All posts
Kubernetes Architecture

"Walk Me Through What Happens When You Create a Pod." It's Also How You Debug One.

The canonical senior Kubernetes interview question has a twelve-step answer, from kubectl apply to a Ready pod. The same twelve steps are the map you walk backward every time a pod is stuck. Learn the chain once and you get the interview answer and the debugging flow for free.

By Sharon Sahadevan··10 min read

"Walk me through what happens when you create a pod."

It is the most common senior Kubernetes interview question, and the answer separates people cleanly. The junior answer is two steps: "kubectl apply, then the pod runs." The senior answer is twelve, and each step is a named component doing one specific thing with one specific way it can fail.

Here is the part most people miss: those twelve steps are not interview trivia. They are the exact map you walk, in reverse, every time a pod is stuck. kubectl describe pod tells you where in the chain your pod got stranded; knowing the chain tells you why. Learn it once, get the interview answer and the production debugging flow in the same trip.

So let's walk it, from kubectl apply to a pod that is Ready and serving traffic, and name the failure mode hiding at each step.

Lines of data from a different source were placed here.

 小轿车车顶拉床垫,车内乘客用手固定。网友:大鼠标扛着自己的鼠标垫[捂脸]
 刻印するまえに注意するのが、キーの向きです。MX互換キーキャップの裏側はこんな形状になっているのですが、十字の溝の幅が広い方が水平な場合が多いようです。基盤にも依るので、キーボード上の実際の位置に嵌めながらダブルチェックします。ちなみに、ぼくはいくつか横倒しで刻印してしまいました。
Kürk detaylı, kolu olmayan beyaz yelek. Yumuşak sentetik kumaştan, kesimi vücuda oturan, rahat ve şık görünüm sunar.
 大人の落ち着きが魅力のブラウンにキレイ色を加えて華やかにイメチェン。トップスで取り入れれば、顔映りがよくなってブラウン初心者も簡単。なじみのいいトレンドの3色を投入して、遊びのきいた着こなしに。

The twelve steps, in one breath#

  1. kubectl POSTs your YAML to the apiserver over TLS.
  2. apiserver authenticates the caller.
  3. apiserver authorizes the verb (RBAC).
  4. mutating admission runs (defaulting, sidecar injection).
  5. schema validation, then validating admission (policy).
  6. apiserver writes the object to etcd (Raft commit).
  7. the Deployment controller creates a ReplicaSet.
  8. the ReplicaSet controller creates Pod objects, with no node assigned.
  9. the scheduler picks a node and binds the pod to it.
  10. the kubelet on that node sees the pod and starts syncing.
  11. the runtime builds the sandbox (CNI wires up networking), then pulls the image and starts the container.
  12. probes pass, the pod goes Ready, its IP lands in the Service's EndpointSlice, and kube-proxy routes traffic to it.

Now the detail, grouped into the four phases that matter.

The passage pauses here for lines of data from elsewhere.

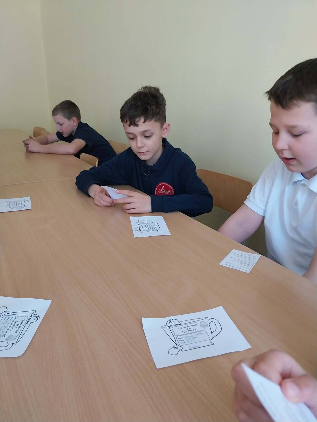 Students also practised being polite, using phrases like “Would you like…?” and “Can I have…?” in speaking activities. They created their own invitations to a tea party and then enjoyed a mini tea party in the school canteen, practising real-life conversations while having tea and croissants.
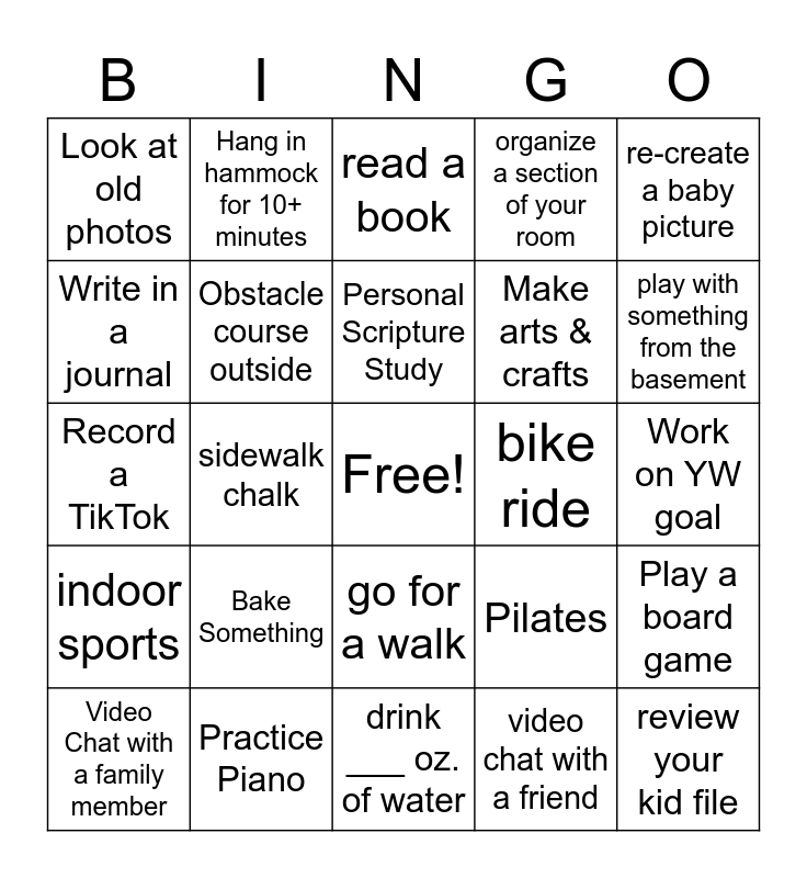 This bingo card has a free space and 24 words: Bake Something, Practice Piano, Personal Scripture Study, Video Chat with a family member, re-create a baby picture, Look at old photos, Write in a journal, Hang in hammock for 10+ minutes, bike ride, go for a walk, Make arts & crafts, Record a TikTok, Pilates, Play a board game, Obstacle course outside, video chat with a friend, Work on YW goal, read a book, play with something from the basement, sidewalk chalk, review your kid file, indoor sports, organize a section of your room and drink ___ oz. of water.
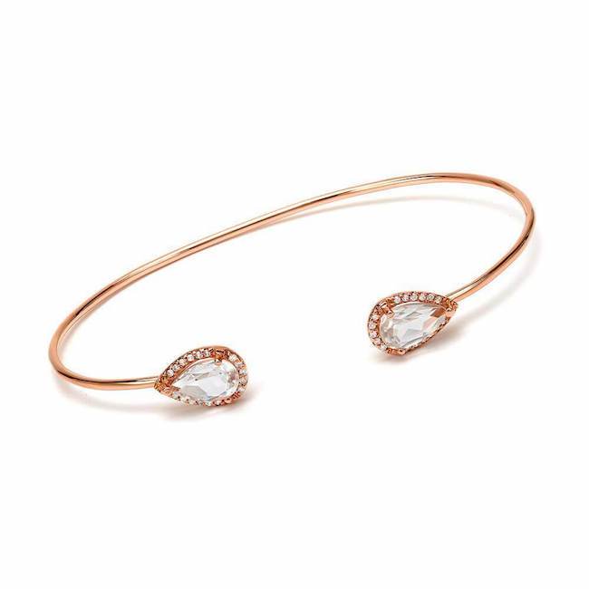 14K gold cuff with pear shape white topaz highlighted by 17 round diamonds on each side.
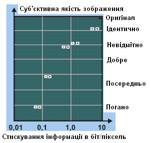 DCT забезпечує стискування на рівні 0.5–1.0 біт/піксель при хорошій якості зображення. Стискування вимагає часу, а максимально прийнятним часом затримки при пересилці зображення є 5 секунд. На мал. 3 приведена якісна оцінка чіткості і відповідності оригіналу зображення залежно від величини стискування (DCT). Якщо використовувати швидкість обміну 64 кбит/с, то ступені стискування 0,01 бита на піксель відповідатиме час передачі зображення 0,04 секунд, а стискуванню 10 – час передачі 40 сек.
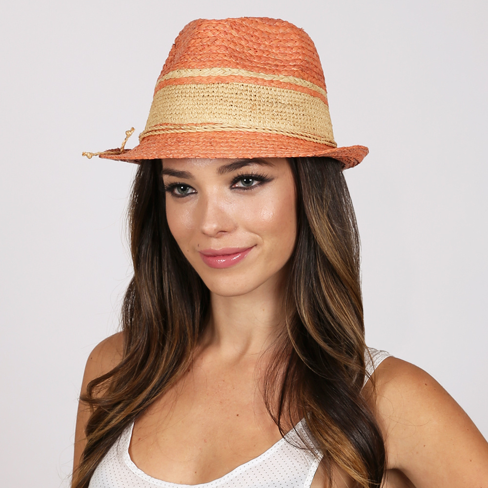 Sewn Braid Raffia Fedora With Trim Raf1356ph

Phase 1: the apiserver chain (steps 1 to 6)#

Everything starts as an HTTPS request. kubectl is a thin REST client: it reads your YAML, opens a TLS connection to the apiserver, and POSTs the manifest as JSON. The certificate in your kubeconfig is what authenticates you.

Inside the apiserver, the request runs a fixed gauntlet before it is allowed to persist anything:

  • Authentication. Who is this? The apiserver tries each configured authenticator: client cert (CN becomes the username), ServiceAccount bearer token (a signed JWT), OIDC, or a webhook. Output is a userInfo with username and groups. Failure here is a 401.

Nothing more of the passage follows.